**Input data:**
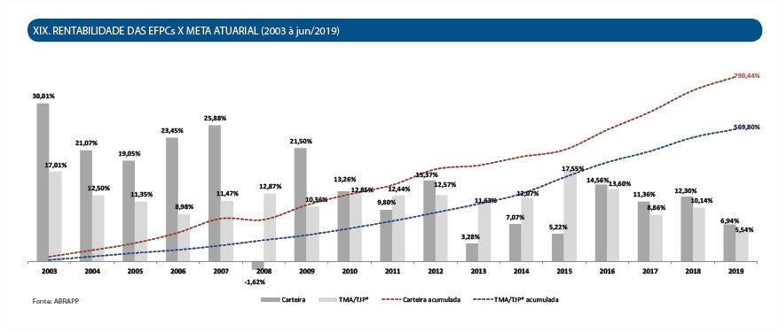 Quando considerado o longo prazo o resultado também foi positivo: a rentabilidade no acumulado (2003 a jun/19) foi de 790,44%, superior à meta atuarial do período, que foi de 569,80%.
---
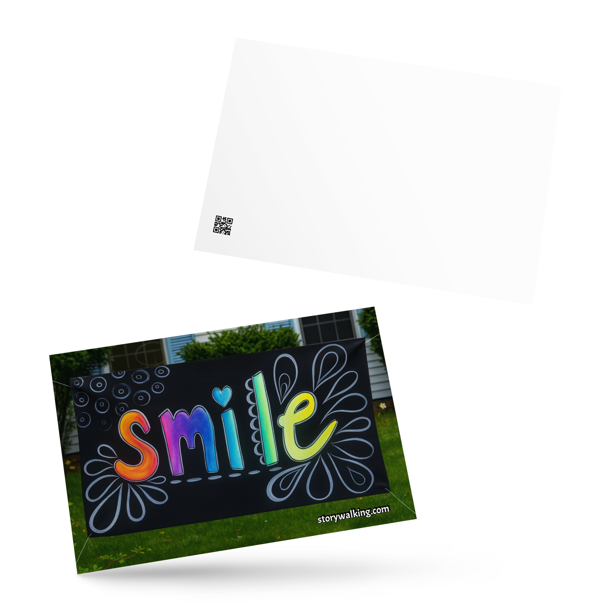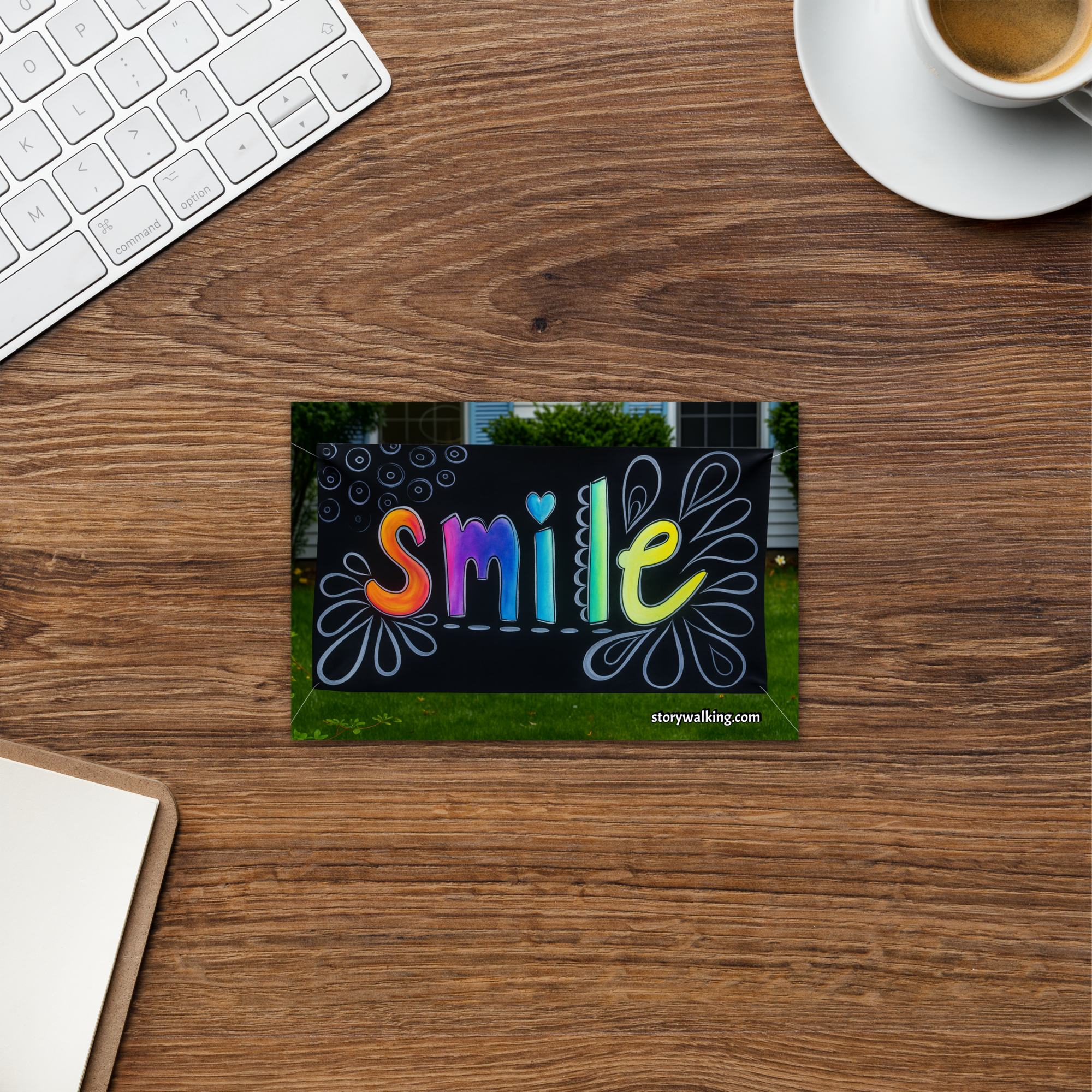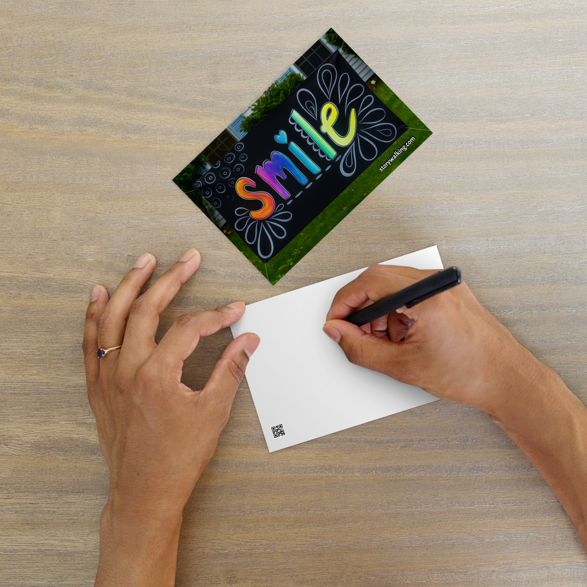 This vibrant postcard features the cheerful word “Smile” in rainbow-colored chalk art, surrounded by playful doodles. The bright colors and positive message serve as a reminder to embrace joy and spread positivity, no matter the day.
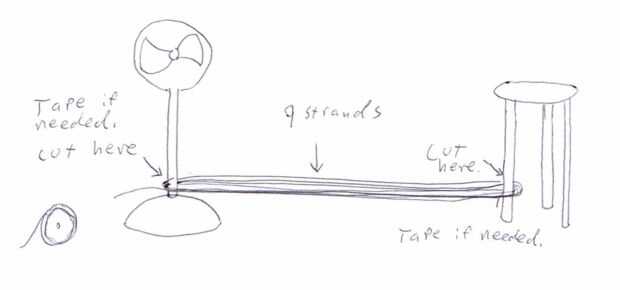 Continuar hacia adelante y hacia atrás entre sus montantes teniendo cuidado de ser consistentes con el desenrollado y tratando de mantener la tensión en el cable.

**Task requirements:** Beginning with the line that contains "This vibrant postcard", write out the lines of the material above exactly, and end with the line that contains "Continuar hacia adelante". Omit the pictures.

**Expected answer:**
 This vibrant postcard features the cheerful word “Smile” in rainbow-colored chalk art, surrounded by playful doodles. The bright colors and positive message serve as a reminder to embrace joy and spread positivity, no matter the day.
 Continuar hacia adelante y hacia atrás entre sus montantes teniendo cuidado de ser consistentes con el desenrollado y tratando de mantener la tensión en el cable.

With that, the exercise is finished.